Question

Simplify:
${{x}^{2}}+{{z}^{2}}-2xz$

Answer 1

Recall the identity: ${{(a\pm b)}^{2}}={{a}^{2}}\pm 2ab+{{b}^{2}}$ .
In order to factorize a quadratic expression, Split the term consisting of the product of the variables, $-2xz$ in this case, into a sum of two terms whose product is equal to the product of the remaining two terms ${{x}^{2}}{{z}^{2}}$.
Separate the common factors from both the pairs of terms.

Complete step-by-step answer:
The given expression ${{x}^{2}}+{{z}^{2}}-2xz$ is a quadratic expression. Let us split its term $-2xz$ into $-xz$ and $-xz$ , such that their product is equal to ${{x}^{2}}{{z}^{2}}$ , the product of the other two terms.
∴ ${{x}^{2}}+{{z}^{2}}-2xz$
= ${{x}^{2}}-xz-xz+{{z}^{2}}$
Separating the common factors from the first two and the last two terms, we get:
= $x(x-z)-z(x-z)$
Separating the common factor $(x-z)$ from both the terms, we get:
= $(x-z)(x-z)$
Which can be written as:
= ${{(x-z)}^{2}}$ , which is the required simplification.

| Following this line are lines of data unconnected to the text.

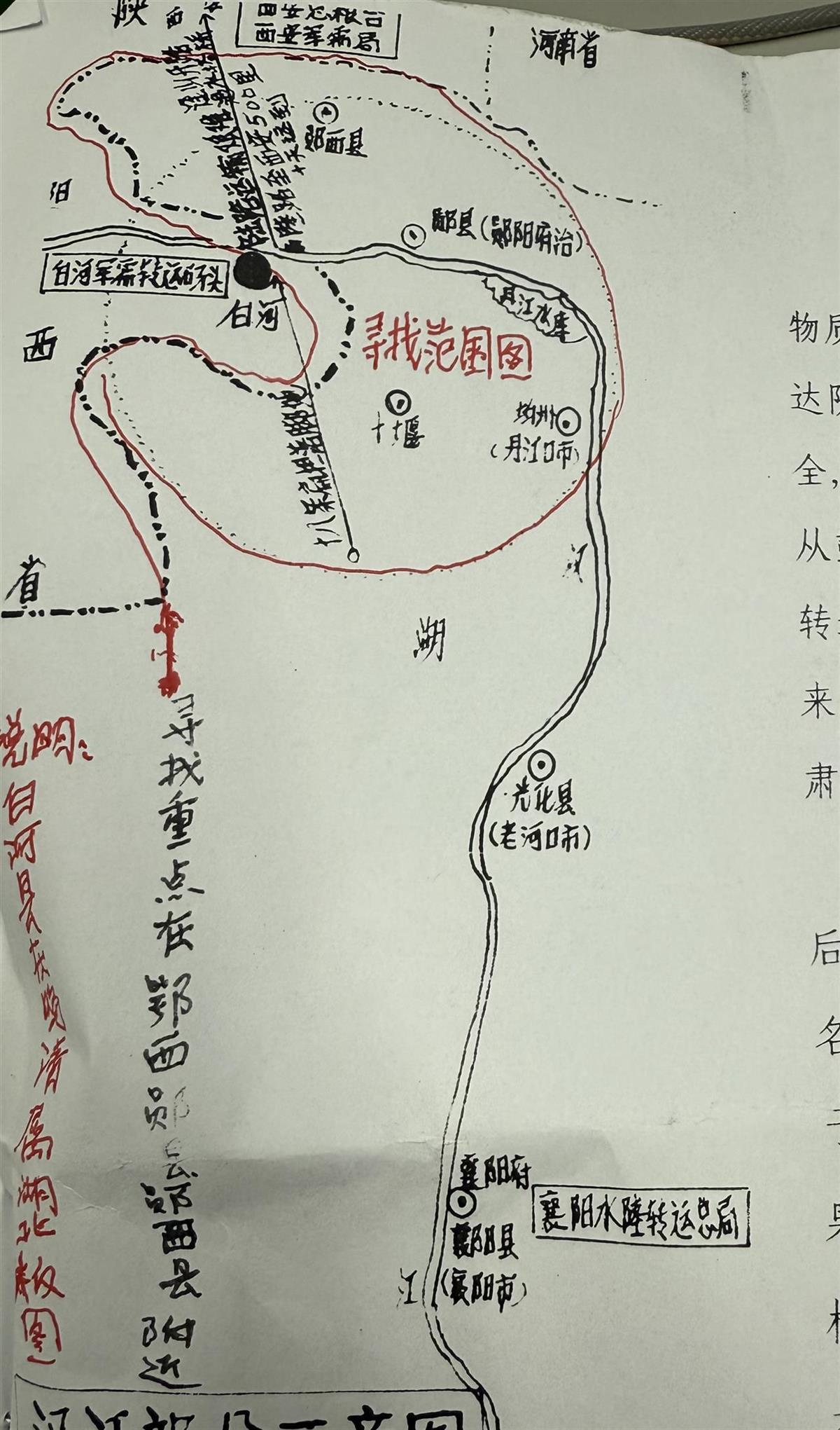鄭用威的女兒鄭麗萍告訴記者,在極目新聞發(fā)出報道后,父親很開心,希望可以借助媒體的力量,早日找到“十八條扁擔”后人。根據(jù)最近老人手繪的一張尋找范圍圖上,可以看到老人標注的疑似范圍在今陜西省安康市白河縣、湖北省十堰市、鄖西縣、丹江口市及周邊。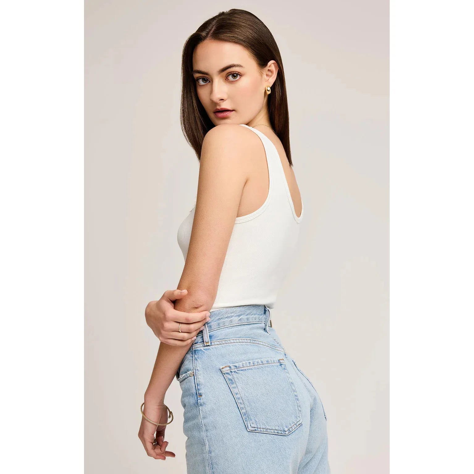 The Nina tank is made of a stretchy ribbed fabric that hugs the body. The flattering U-shaped neckline is perfect for everyday wear.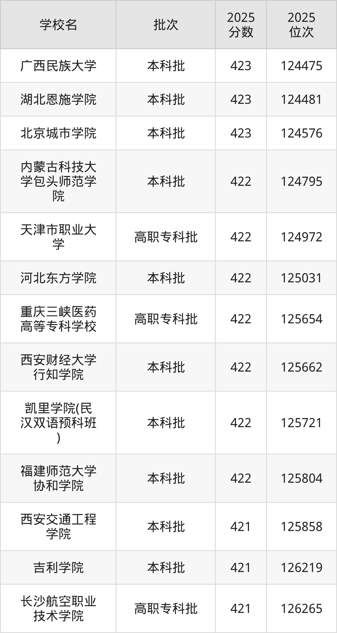 这些都是2026年高考物理类124736名~125806名考生可以报考的大学,更多学校名单如下表所示:

Note: It is not always possible to simplify a given expression.
e.g. ${{a}^{2}}+{{b}^{2}}+3ab$
Some useful algebraic identities:
${{(a-b)}^{2}}={{(b-a)}^{2}}$
$(a+b)(a-b)={{a}^{2}}-{{b}^{2}}$
${{(a\pm b)}^{2}}={{a}^{2}}\pm 2ab+{{b}^{2}}$
${{(a\pm b)}^{3}}={{a}^{3}}\pm 3ab(a\pm b)\pm {{b}^{3}}$
$(a\pm b)({{a}^{2}}\mp ab+{{b}^{2}})={{a}^{3}}\pm {{b}^{3}}$